Старик побрёл по главной улице, свернул в проулок. Закурив, замер у старой ветлы, склонившей ветви у оврага. А ведь ему сюда и не надо было, однако ноги почему-то привели. Здесь парнем он встречался с Петруней, и даже в те дни ветла была старой. Присев у широкого ствола, они в обнимку встречали рассвет. Было это в какой-то до бесконечности отдалённой, словно и не его, жизни. Он снова видел себя молодым, её – смеющейся. Вот по этой дорожке они бегали на дальние болота за клюквой. Помнился случай, когда он угодил в трясину, и Петруня, схватив корявую ветку, тянула его со стонами и плачем. Потом долго дышали и, побросав небольшие корзины (их называли кошики), едва переставляли ноги, ковыляли домой, подальше от гиблых мест. Сырые, грязные, они вышли к деревне и тогда, именно тогда крепко поцеловались. Ни до, ни после Михась не испытывал ничего подобного, щемящего и радостного одновременно. Ведь она, именно она спасла его, и глубина этой мысли только после долгого поцелуя поразила его.
– Сходили за ягодой, – выдохнул он тогда.
– Мамка за кошики лаяться начнёт! – только и сказала она.

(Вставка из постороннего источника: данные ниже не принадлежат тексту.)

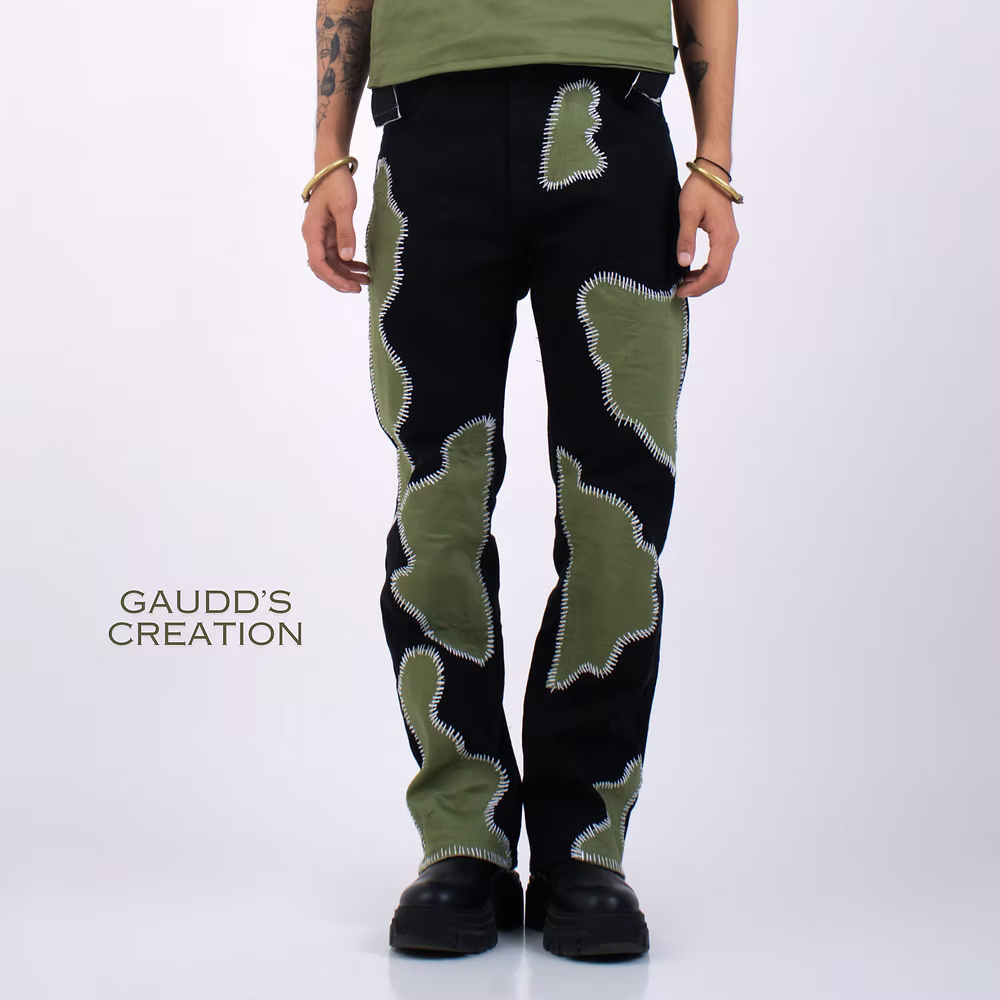 The pristine Black denim base provides a pristine canvas for this visual masterpiece, offering both style and durability. The hand-sewn green patchwork takes center stage, weaving a story of nature's beauty with each stitch. Crafted by skilled artists, these patches are not just artistry; they are a labor of love.
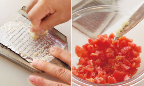 3. おろし金にアルミ箔(はく)をかぶせ、にんにくをすりおろす(写真左/こうするとにんにくがきれいに取れる)。アルミ箔を外しておろしたにんにくを包丁の背でこそげ、2に加える(写真右)。【A】も加えて混ぜ合わせる。

Ну и пусть, что ж теперь, подумал он в ту минуту, корзинкам потерянным он придумает, как найти замену. Сам, если надо будет, научиться плести, благо, вётел растёт много, прутьев сколько хочешь.
– Не плачь! – сказал он тогда.
И вот он, спустя годы, вновь стоит у ветлы. Там, где они встречались.
И почему-то только теперь, когда нахлынули и обдали жаром прошлого воспоминания, Михась осознал простую мысль. Она была страшна в этой простоте, но уже не пугала. Жизнь прошла. Она вся – там. Ни сейчас, ни впереди уже ничего нет. Это не жизнь уже. Незачем уже гнаться, ничего не исправить. И уж что он точно теперь не станет делать, так это ходить по дворам, мучить себя и людей, собирать треклятые налоги. Михась докурил, сплюнул, и, подойдя к неуклюже выпирающему из земли, словно голое колено, корню ветлы, положил книгу учёта. Посмотрев на пепельное небо, пошёл дальше. Думать о том, что за оставленную книгу его могут расстрелять, что любой из крестьян заплатит щедро, лишь бы в столбцах напротив его домовладения стояли «правильные» цифры…
Он брёл домой, вспоминая, с каким трудом добился, чтобы отец позволил взять в жёны Петруню. Девушка из нищей семьи, им не ровня – у них ведь тогда ещё мельница была. Батька не сразу, не вдруг, но смилостивился. Видать, учёл в уме то, что девка скромная и работящая, а это, пожалуй, важнее всего. Правда, со сватами так и не сдружился, в помощи не отказывал, зерна или муки давал, но тепла и дружбы меж ними не водилось. Да что уж старое поминать.
Он вновь обернулся к старой некрасивой ветле. Дерево напоминало его жизнь.
– Хоть бы молния тебя сразила, а то всё стоишь! – сказал Михась.
– Ирод, хайло проклятое, кабы провалиться тебе! Креста на тебе нет! Да как ты только можешь так! – бабка Лукерья бежала с криком. Поначалу староста решил, что ругань обращена к нему. Ведь выгребли полицаи все её запасы, оставив её и внучку ни с чем. Она плакала, а Михась только мычал и записывал тогда в толстую книгу. Ну и пусть ударит его, прямо сейчас, и прямо по щекам! Что делать ему. Извиняться не стает, глупо и поздно.